Work task: With pictures left out, return only the lines from the line containing "Sapato Homem em" through the end of the material below, both included.

Given data:
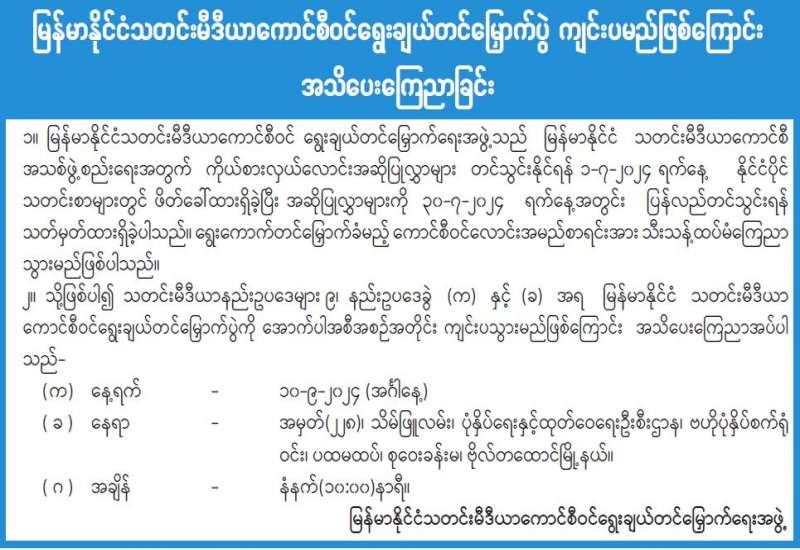 မြန်မာနိုင်ငံသတင်းမီဒီယာကောင်စီဝင်ရွေးချယ်တင်မြှောက်ပွဲ ကျင်းပမည်ဖြစ်ကြောင်း အသိပေးကြေညာခြင်း
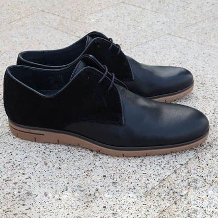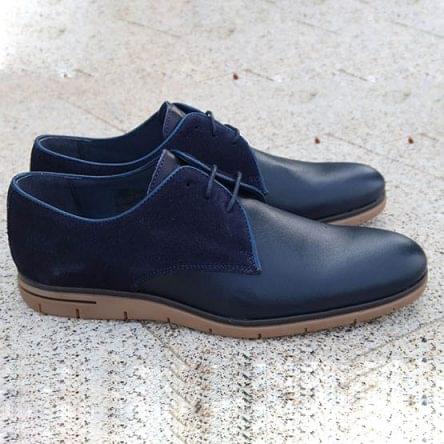 Sapato Homem em pele. Modelo disponível em azul ou preto. Sola em borracha.
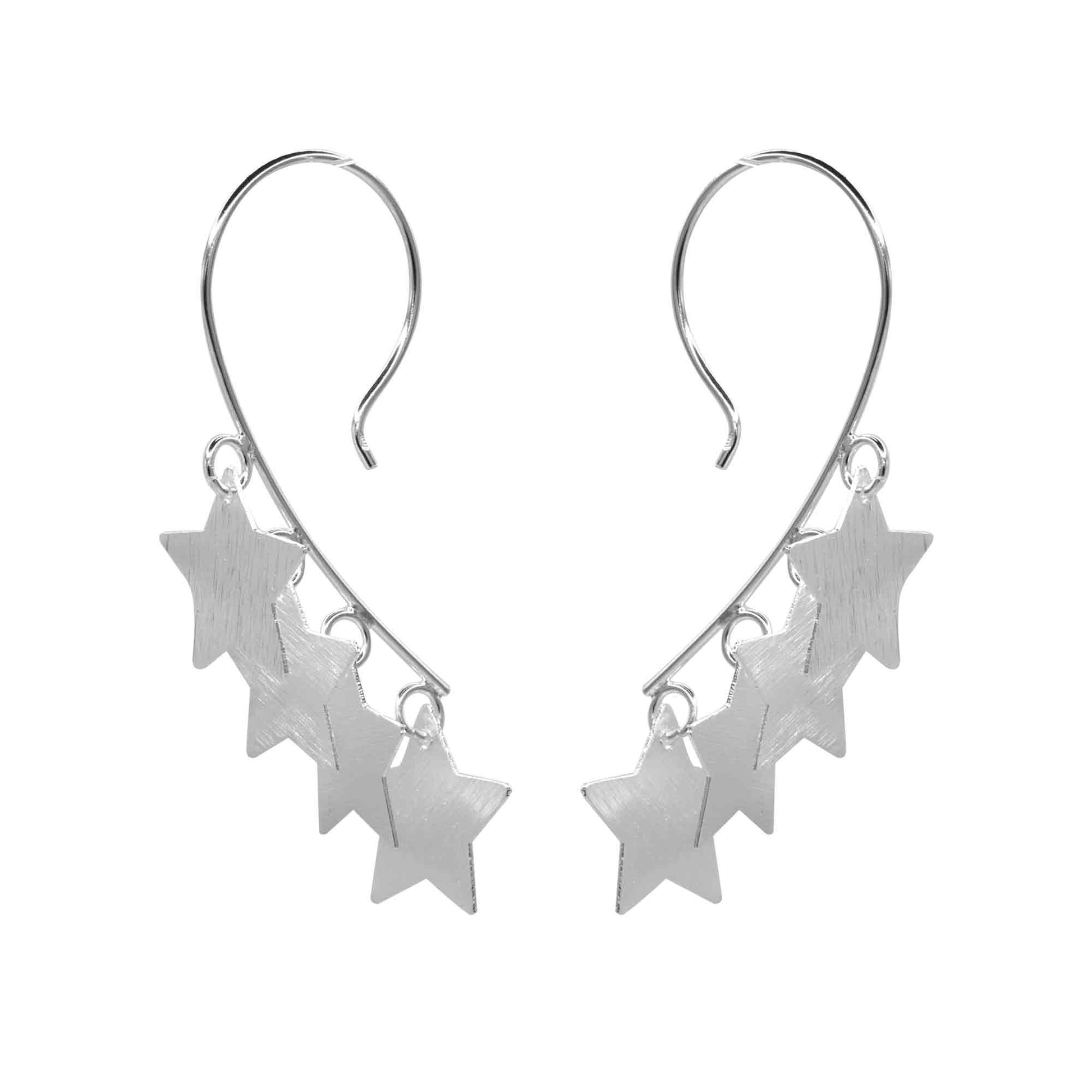 Aros de Plata 925 Estilo Cascada con Estrellas Satinadas

Result:
 Sapato Homem em pele. Modelo disponível em azul ou preto. Sola em borracha.
 Aros de Plata 925 Estilo Cascada con Estrellas Satinadas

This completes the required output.